Мочалов, наблюдавший за Кричевской с крыльца, невольно подумал, что так вот и происходят все неожиданные убийства: сейчас следом за цветами парень достанет пистолет и выстрелит в упор в зеленоглазую женщину… (Глупая ассоциация, с чего бы ей взяться?)
Нет, старший лейтенант Интерпола Юрий Малышев и не думал стрелять в Кричевскую. Он просто подал ей орхидеи и что-то сказал. Наверное, поздравлял, как и все. Любовь распахнула дверцу своего лимузина, приглашая Малышева садиться. Юра помотал головой.
Мочалов, глядя на них сверху, гадал: что, черт возьми, эта встреча значит? Куда это она его зовет?
До него долетали обрывки фраз. Кричевская, прижимая к лицу орхидеи, громкой и возбужденно говорила:
— Никогда не забуду твоей помощи! Спасибо тысячу раз! Смогу ли я когда-нибудь тебя отблагодарить?
В ответ Юра что-то тихо ей сказал.
И тут…
И тут до Мочалова дошел смысл этой сцены. Он все понял… Следователь испытал шок, какой испытывает верный муж, внезапно догадавшийся об измене горячо любимой жены. Словно черная пелена была сдернута с его глаз. Словно он был слеп — и вдруг прозрел, был глух — и вдруг стал слышать. Оглушенный своим открытием, Мочалов не расслышал слов Юры, зато услышал звенящий голос Кричевской:
— Сейчас мне не хочется думать о проблемах, ведь я заслужила роскошный отдых! Поговорим о них позже. Едешь со мной?

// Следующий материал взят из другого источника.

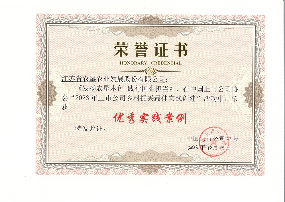 近日,蘇墾農(nóng)發(fā)連獲“2023年公司治理最佳實(shí)踐案例”和“2023年上市公司鄉(xiāng)村振興最佳實(shí)踐創(chuàng)建優(yōu)秀實(shí)踐案例”兩項(xiàng)榮譽(yù),體現(xiàn)了蘇墾農(nóng)發(fā)在公司治理、助力鄉(xiāng)村振興等方面的工作得到了社會(huì)的高度認(rèn)可。

Юра отрицательно покачал головой.
— Буду о тебе думать, — пообещала Любовь, усаживаясь в машину. — Когда и где мы увидимся?
Мочалов мог бы поклясться, что не ослышался, хотя Юра Малышев говорил очень тихо. (Он всегда говорил очень тихо, этот интеллигентный парнишка.) Мочалов, переживший сегодня свое Ватерлоо, всеми пятью обострившимися чувствами уловил тихий, едва слышный ответ Малышева:
— В аду, любимая.
Когда кортеж автомобилей во главе с белым «линкольном» понесся мимо по проспекту, разбрызгивая февральскую грязь, Юрий Малышев повернулся и ушел.
Он шел, скользя на мокром снегу, втянув голову в плечи, делая вид, будто не замечает Мочалова (а может, вправду его не замечал, погруженный в свои мысли?). Он ушел, а Мочалов, в растерянности от своей догадки, заколебался и не успел его догнать.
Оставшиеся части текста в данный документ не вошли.